According to investigative reporter Brian Krebs, the same cybercriminals thought to have been behind the credit card breaches at Target and Home Depot appear to have recently breached the U.S. airport parking service OneStopParking.com.
The Rescator cybercrime shop, which was the first to sell payment cards stolen from Target and Home Depot, recently began selling a new batch of cards. Sources at several banks told Krebs that the new batch had one thing in common: they’d all been used at OneStopParking.
The card data, which is being sold for $6 to $12 per card, includes the card number, expiration date and CVV code, along with the cardholder’s name, address and phone number.
OneStopParking manager Amer Ghanem told Krebs he first began receiving calls from customers about possible fraud about a week before Christmas. “It’s been something we have been dealing with for the past week, where some of our customers have called in and complained about fraudulent charges,” he said.

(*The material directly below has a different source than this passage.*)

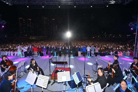 µÑ° ³¯ÀÎ 18ÀÏÀº ¹ÂÁöÄà ¹è¿ì À̰ǸíÀÌ ¸¶ÀÌÅ©¸¦ Àâ¾Æ ½Ã¹ÎÀÌ Á÷Á¢ ÁÖÀΰøÀÌ µÇ´Â °¨µ¿ÀÇ ¹«´ë¸¦ À̲ø¾ú´Ù. »ç´Ü¹ýÀÎ ±¹¾ÇÁøÈïȸ Çϳ²½ÃÁöȸÀÇ ¿ï¸² ÀÖ´Â »çÀü °ø¿¬À» ½ÃÀÛÀ¸·Î, ²ÞÀÇ ¿ÀÄɽºÆ®¶ó Çϳ²°ú ²ÞÀÇ ¹«¿ë´Ü, Çϳ²¿¬ÇվÀÌÇÕâ´Ü µî Áö¿ªÀÇ ¹Ì·¡ÀÎ ¾Æµ¿°ú û¼Ò³âµéÀÌ ¹«´ë¿¡ ¿Ã¶ó ±×µ¿¾È °¥°í´ÛÀº ½Ç·ÂÀ» »Ë³Â´Ù.

Ghanem said the complaints stopped after OneStopParking performed security scans and upgraded its website software, but the company is continuing to investigate the possible breach.
“We have been unable to identify any specific issues that [have] caused any credit card breach on our website,” Ghanem told Krebs. “However, being a part of the e-commerce industry and staying up to date with the security news, we are aware of security threats that are always around, especially during the holiday season, when people tend to shop and travel more.”
“We currently have two different services that are always monitoring traffic on our website 24/7 to ensure the safety of our customers,” Ghanem added.
The news of the likely breach at OneStopParking came just a week after a similar breach at parking company Park ‘N Fly. In a recent security update posted on its website, Park ‘N Fly announced that it had suspended its online reservations system “pending remediation,” and would only be taking reservations by phone.
“Separately, any customers who believe unauthorized charges may have been made to their credit card should contact us immediately at 1-800-404-7275 and also contact their respective financial institution,” the company added.
It’s been a rough few months for parking companies across the U.S. — Missouri’s St. Louis Parking Company recently acknowledged that hackers may have compromised the credit card data of customers who used its Union Station Parking Facility between October 6 and October 31, 2014; and in late November, parking facility service provider SP+ announced that a hacker had leveraged its payment card systems provider’s remote access tool to access the computers that process payment cards for 17 of its parking facilities.